As dire as this sounds, millions have it even worse, millions who didn’t rack up hundreds of thousands of dollars in student loan debt just to lick at the counter of the “middle class”…millions who, like my dad, have worked hard and are now redundant and shit out of luck in an ever changing world where a smartphone is no longer a “luxury” item but a necessity in a world where you barely can even find a payphone. (Few weeks ago, my phone started acting up, I went to look for a payphone…it was a cruel wakeup call).

The economic calamity facing millions of Americans in many ways is what lies at the heart of this election year angst. The dreams that we were raised with were really only fairy tales since few people have ever stood on their own merit to advance. Almost always a connection or luck involving more than hard work has been at play but that goes against the feel-good Horatio Alger story we have been fed.  Throw in the very secretive nature of money in our society and we create a recipe for disaster. Since it is always easier to imagine that someone has it easier or is getting something that we believe we are entitled to (false beliefs that people of color are getting “free” college educations, anyone?) than to see that we are actually all in the same slow sinking economic boat and that only a few of the very fortunate are prospering.

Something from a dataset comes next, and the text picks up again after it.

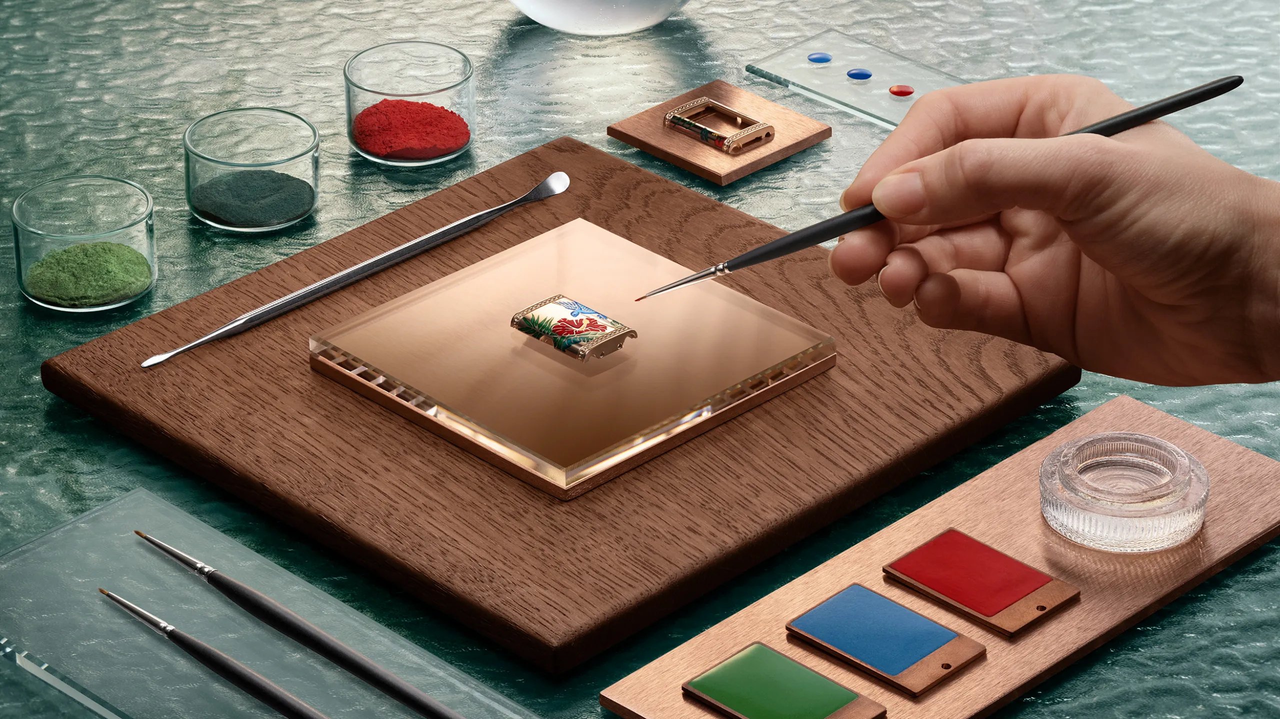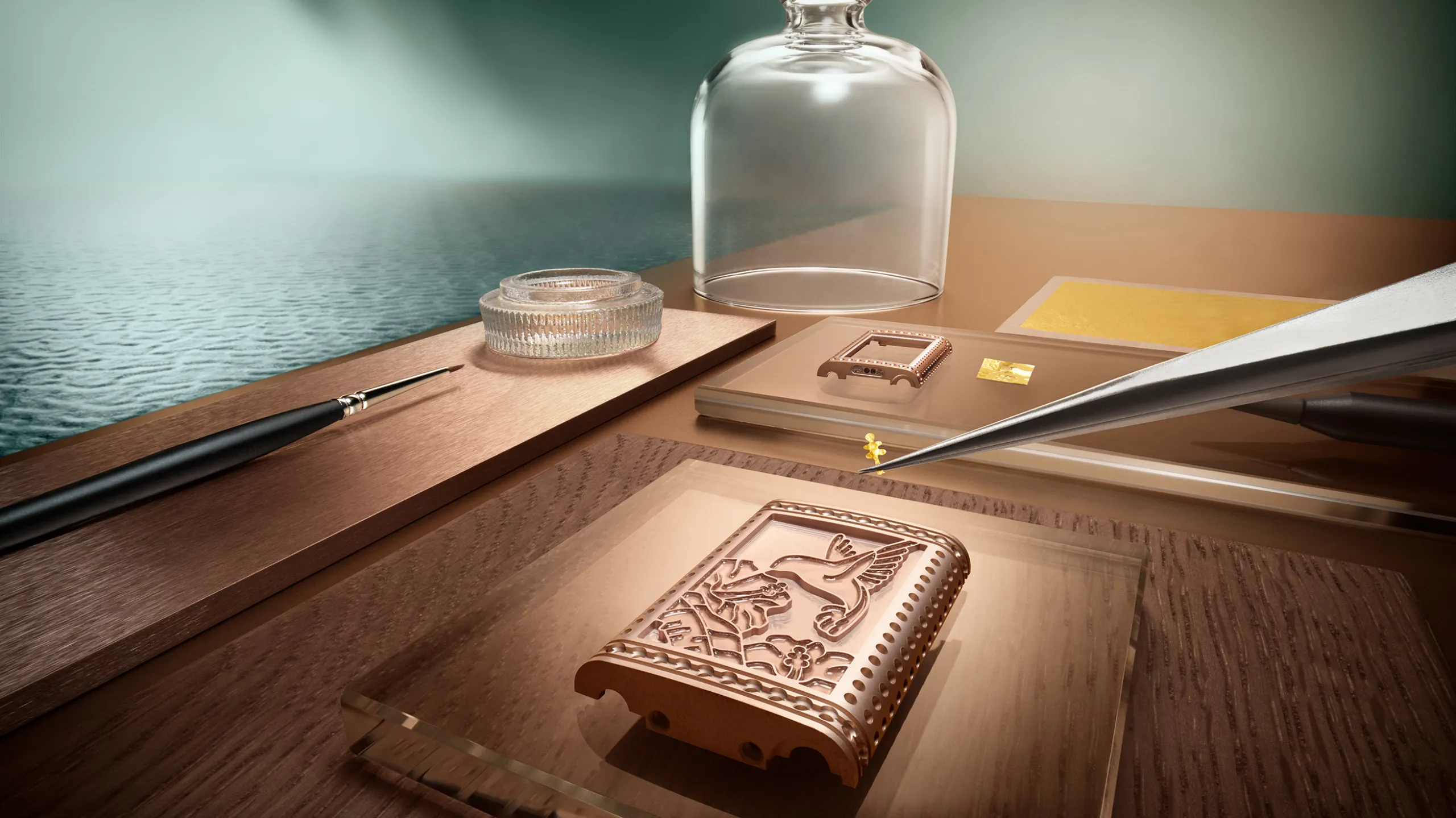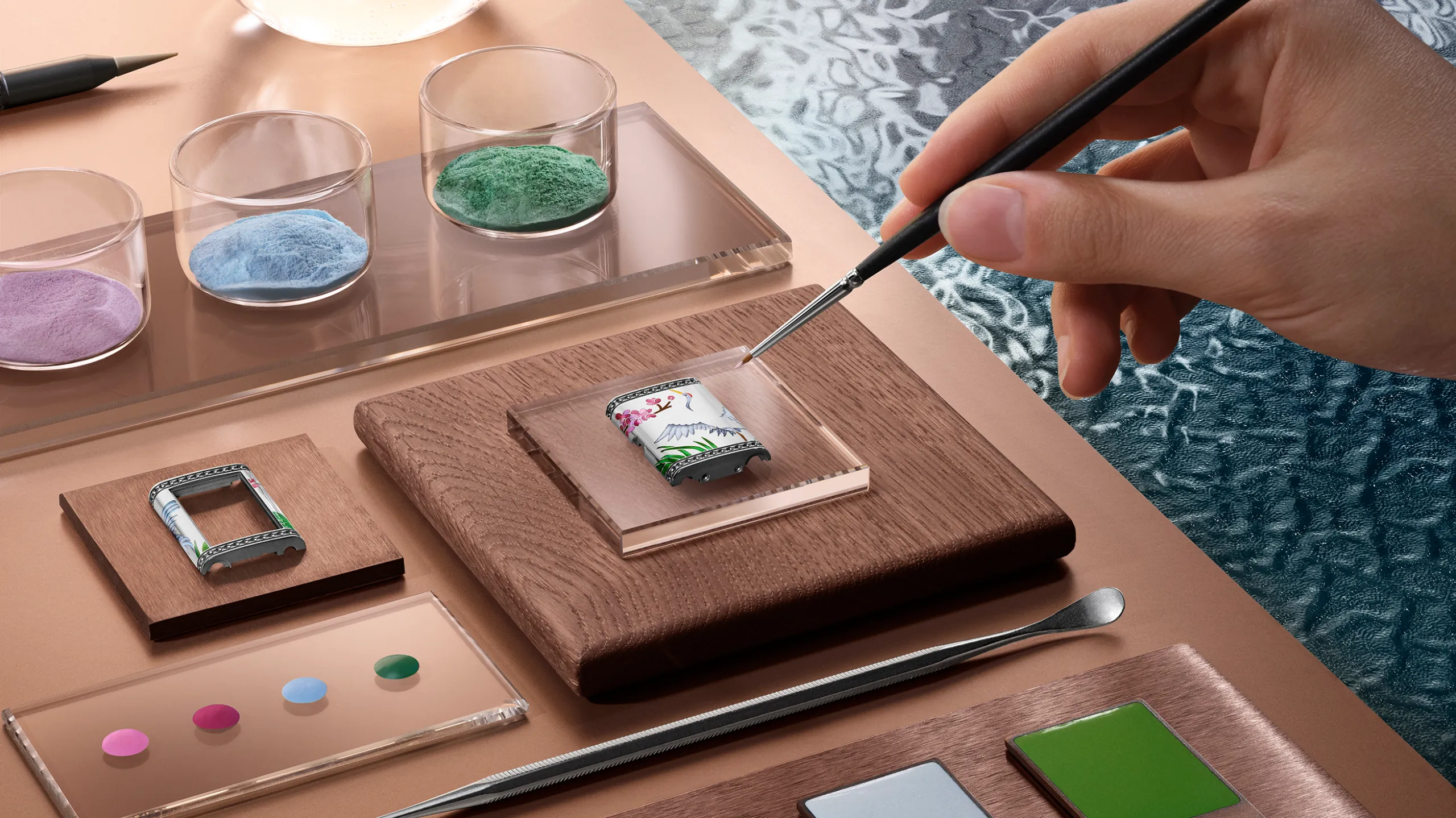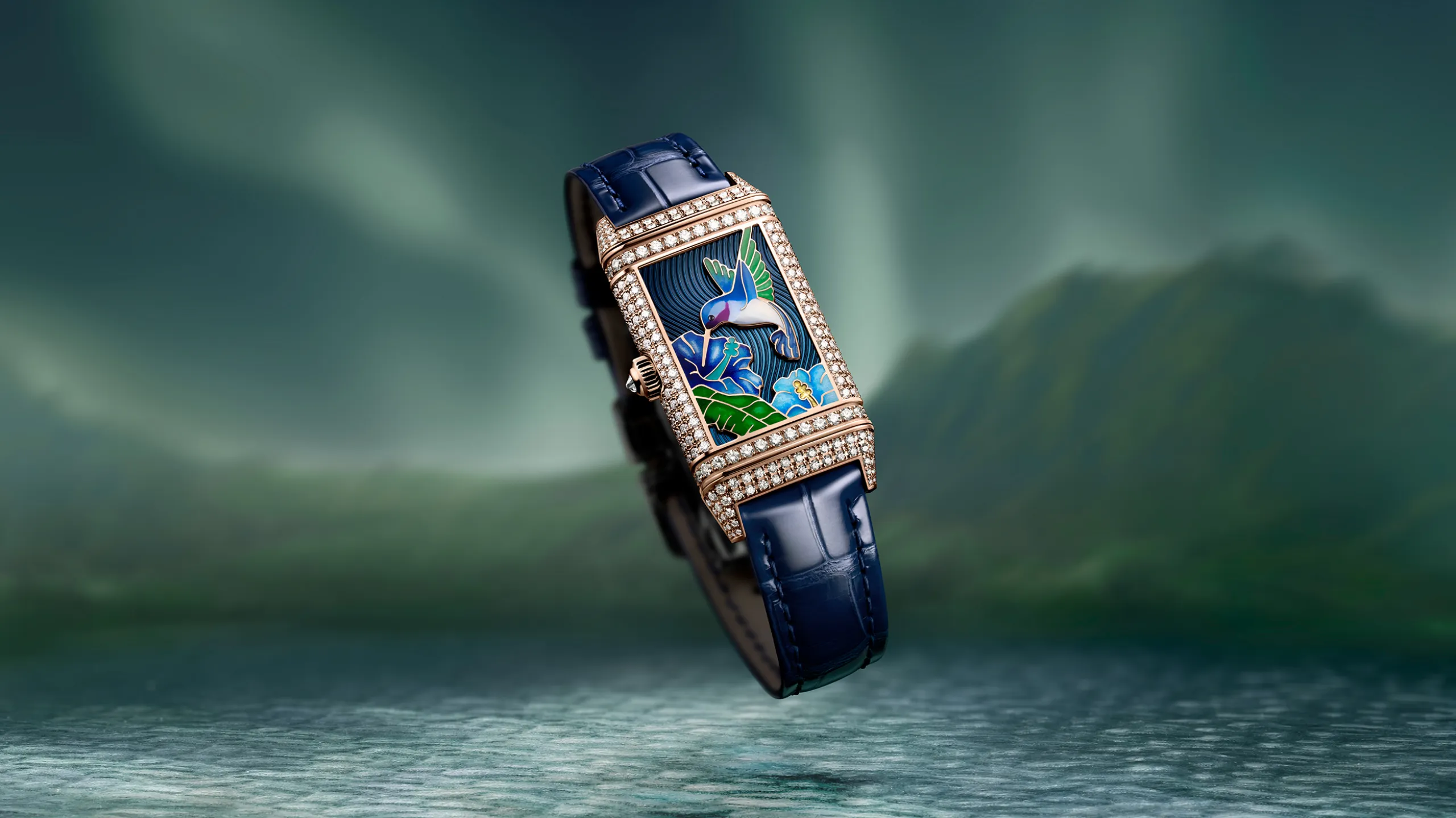 한편 리베르소 원 사쿠라(Reverso One Sakura)는 홋카이도의 봄 풍경을 담은 모델로, 18K 화이트 골드 케이스를 사용했다. 케이스백에는 벚꽃 가지 아래 호수가에 선 두루미 한 마리가 묘사되어 있다. 벚꽃, 갈대, 두루미의 머리와 날개 깃털은 그랑 푀 샹르베 에나멜로, 두루미의 몸통과 날개 윗면은 다이아몬드 스노우 세팅으로 처리했다. 특히 두루미의 목과 솜털은 장인이 단 한 올의 털로 만든 붓으로 그려냈다. 이 모델에서는 메종의 보석 세팅사가 처음으로 컬러 젬스톤에 스노우 세팅 기법을 적용했다. 두 가지 색조의 블루 사파이어와 브릴리언트 컷 다이아몬드를 혼합해 호수 수면의 빛 반사를 표현했으며, 다이아몬드 269개와 사파이어 395개 세팅에만 125시간이 소요됐다.

It’s one of the many dangers of Donald Trump. He speaks a language of hope that hearkens back to a time when a person was “prospering,” hence the slogan “Make America Great Again.” However, making America great Trump style is never going to happen because he a snake oil salesman peddling bullshit despite the the feel-good, folksy persona that some of his supporters are connecting to. Trump promotes himself as self-made but that is no more accurate than saying the the Bush brothers are self-made men. Reality and facts often go out the window when hard realities and emotions are at play. Thus we have people like former child actor Scott Baio loudly proclaiming that he supports Trump because Trump “Speaks Like I speak” which in many way sums up the appeal of Trump to many. He doesn’t come across as a son of privilege, he seems like the self-made man many dreamed that they could be but that will never happen. Instead we are all marching to our collective doom as we sit on the cusp of civil war.

To make America great again requires more than the dreams being peddled on either side of the political aisle. For starters we need to acknowledge that our “greatness” came at a great cost and the backs of people who never received their due rewards for their labor…and then work our way forward from there. It also requires acknowledging that we are in the midst of societal change and then work towards a consensus that betters the masses. Change that involves acknowledging all of the inequities that currently exist and might involve examining who exactly is best served by the current free market and state and capitalism and whether or not such a system is truly feasible moving forward.

In the meantime, steer clear of Trump rallies and let’s hope the nation survives this election cycle. Or we can start planning for the cardboard village that will house all of in our old age. Perhaps we can buy the kitty chow in bulk and share.